• TRY IT
Copy the data verbatim and leave out every picture.

• DATA BELOW
--------

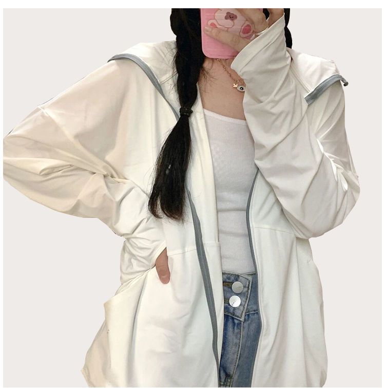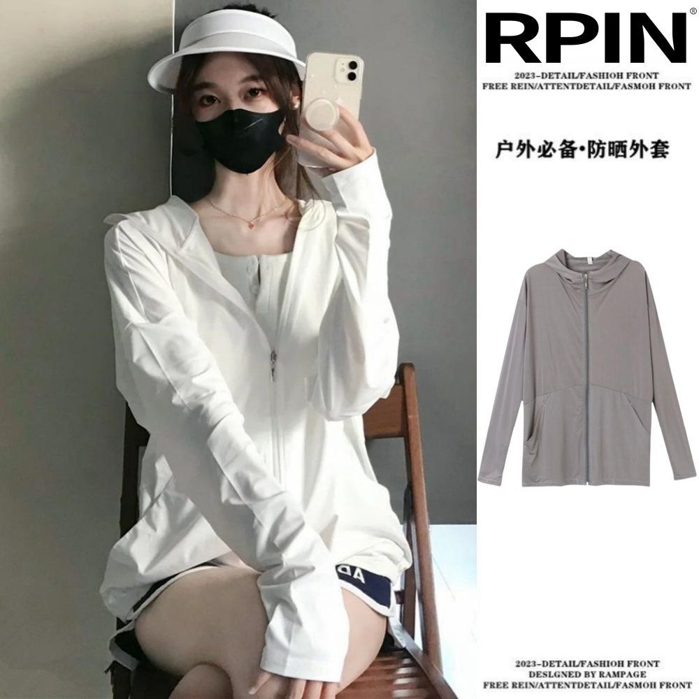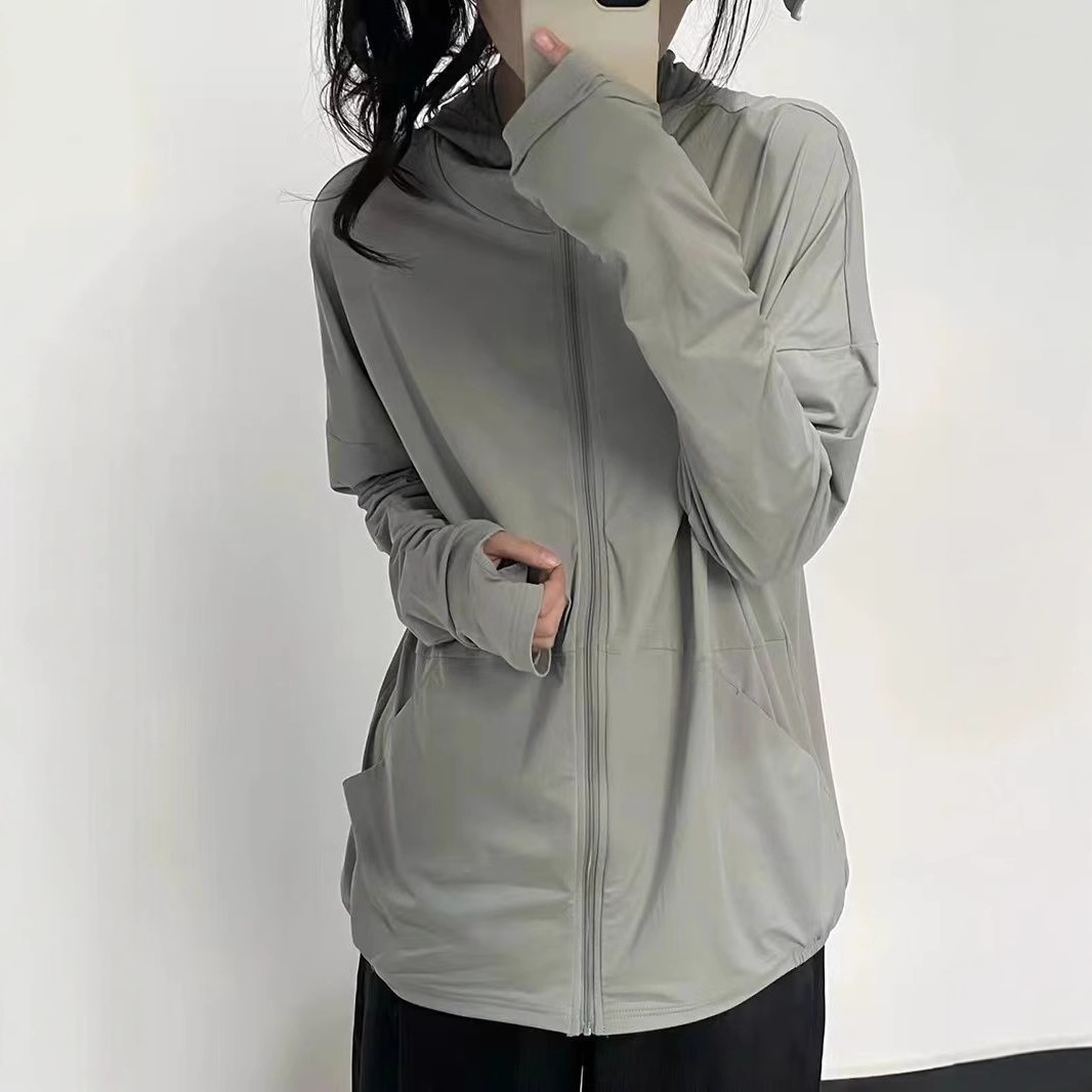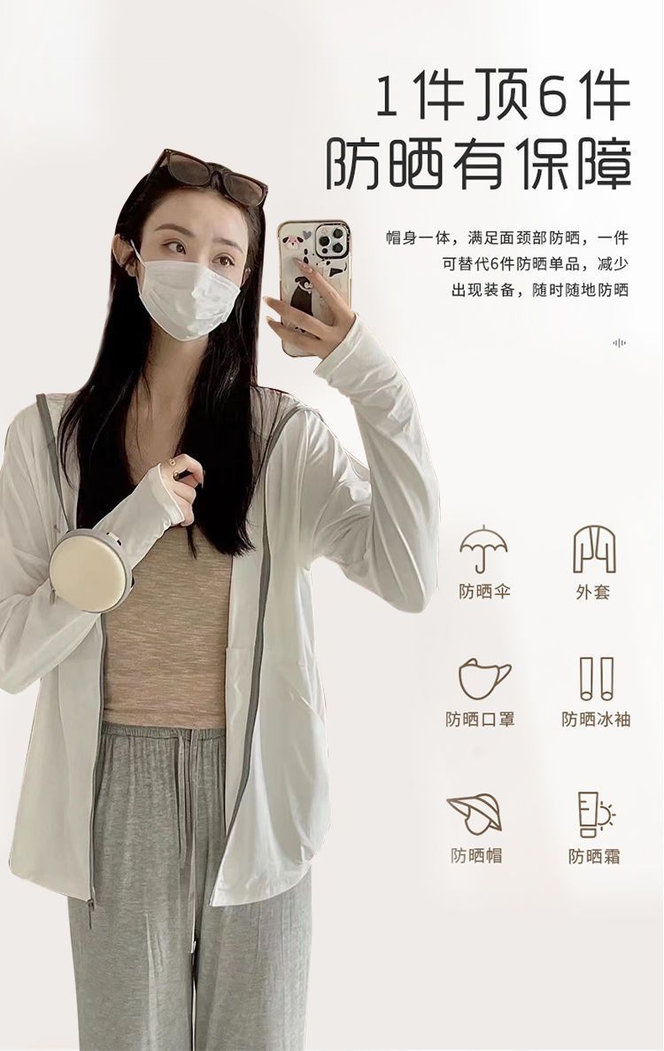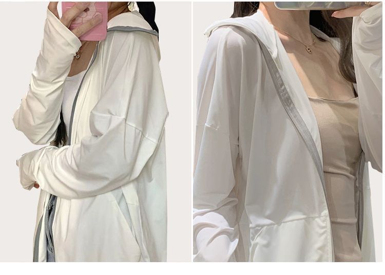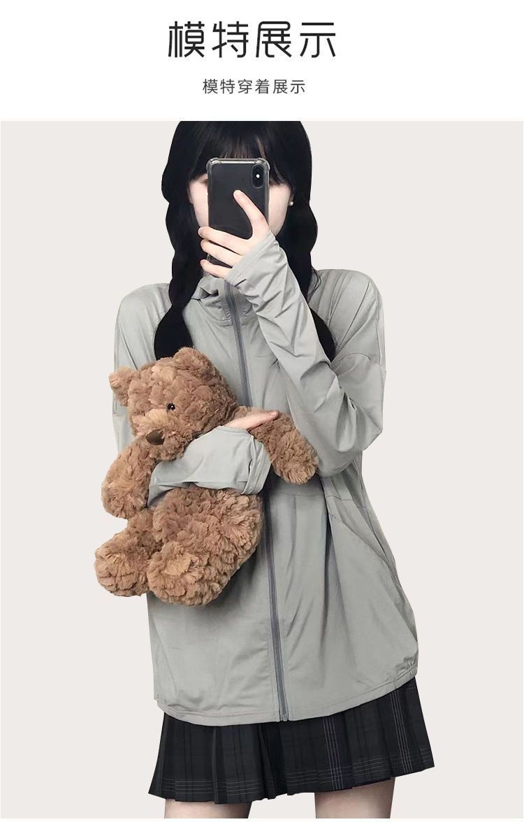 户外凉爽轻薄防晒衣女款冰丝透气凉感开衫连帽防紫外线防晒服外套
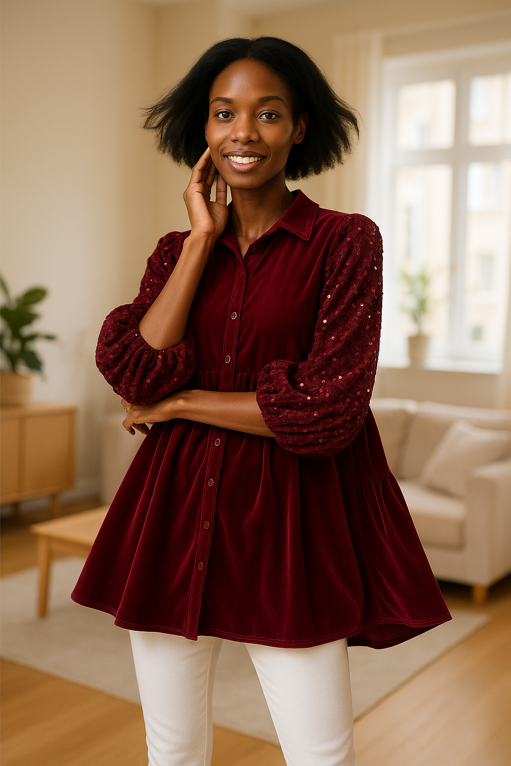 The Sequin Detail Tiered Back Half Sleeve Shirt is a stunning and unique piece that combines sparkle with a touch of whimsy. The sequin detailing adds a glamorous and eye-catching element to the shirt, perfect for adding some sparkle to your outfit. The tiered back design adds a playful and flirty twist, offering movement and visual interest. The half sleeves provide a chic and versatile look that can be dressed up or down for any occasion. Elevate your style with this statement shirt that is sure to make you stand out in the crowd.
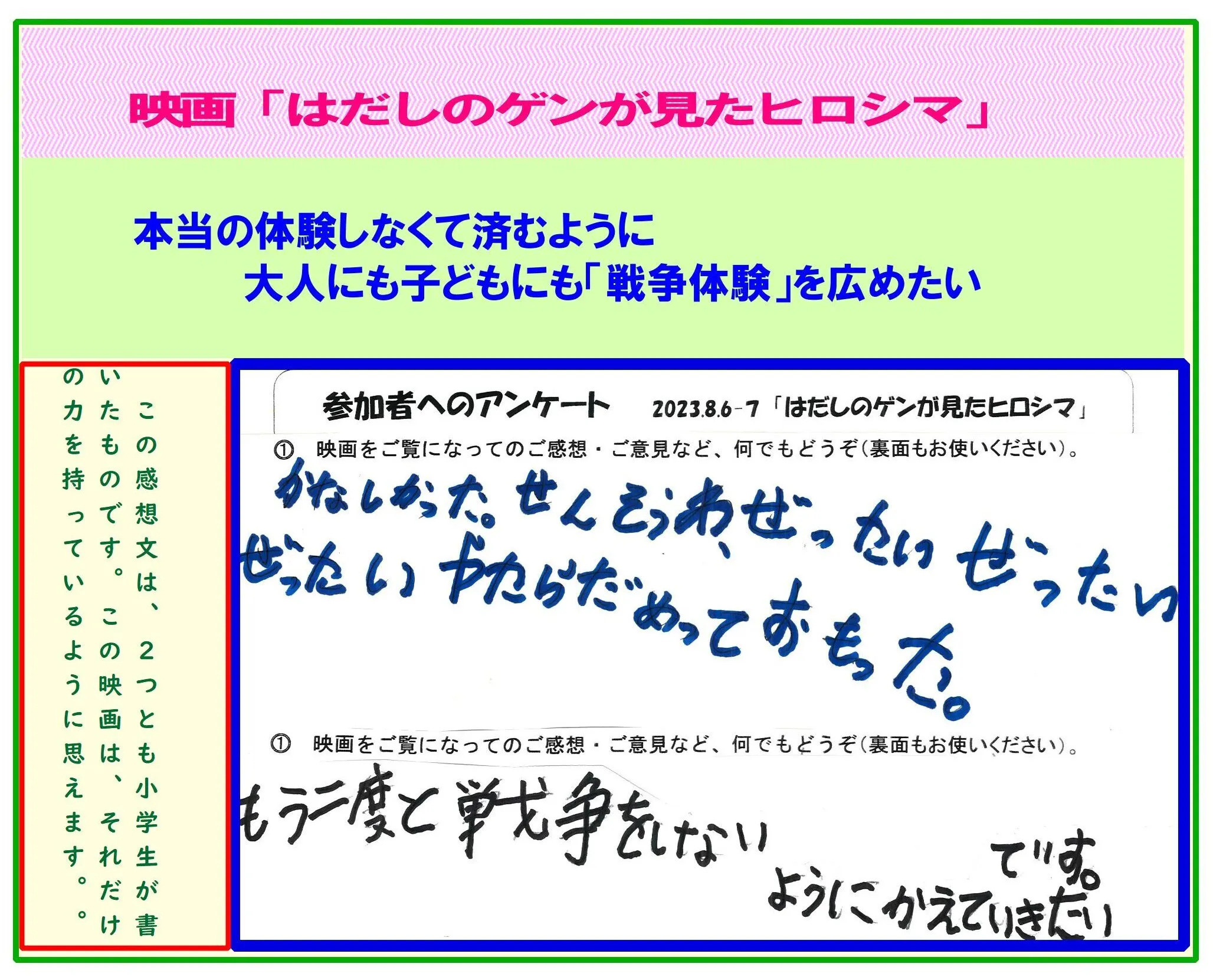 「はだしのゲンが見たヒロシマ」のドキュメンタリー映画の上映会が全国津々浦々で開催されるよう努めます。

--------

• YOUR RESPONSE
 户外凉爽轻薄防晒衣女款冰丝透气凉感开衫连帽防紫外线防晒服外套
 The Sequin Detail Tiered Back Half Sleeve Shirt is a stunning and unique piece that combines sparkle with a touch of whimsy. The sequin detailing adds a glamorous and eye-catching element to the shirt, perfect for adding some sparkle to your outfit. The tiered back design adds a playful and flirty twist, offering movement and visual interest. The half sleeves provide a chic and versatile look that can be dressed up or down for any occasion. Elevate your style with this statement shirt that is sure to make you stand out in the crowd.
 「はだしのゲンが見たヒロシマ」のドキュメンタリー映画の上映会が全国津々浦々で開催されるよう努めます。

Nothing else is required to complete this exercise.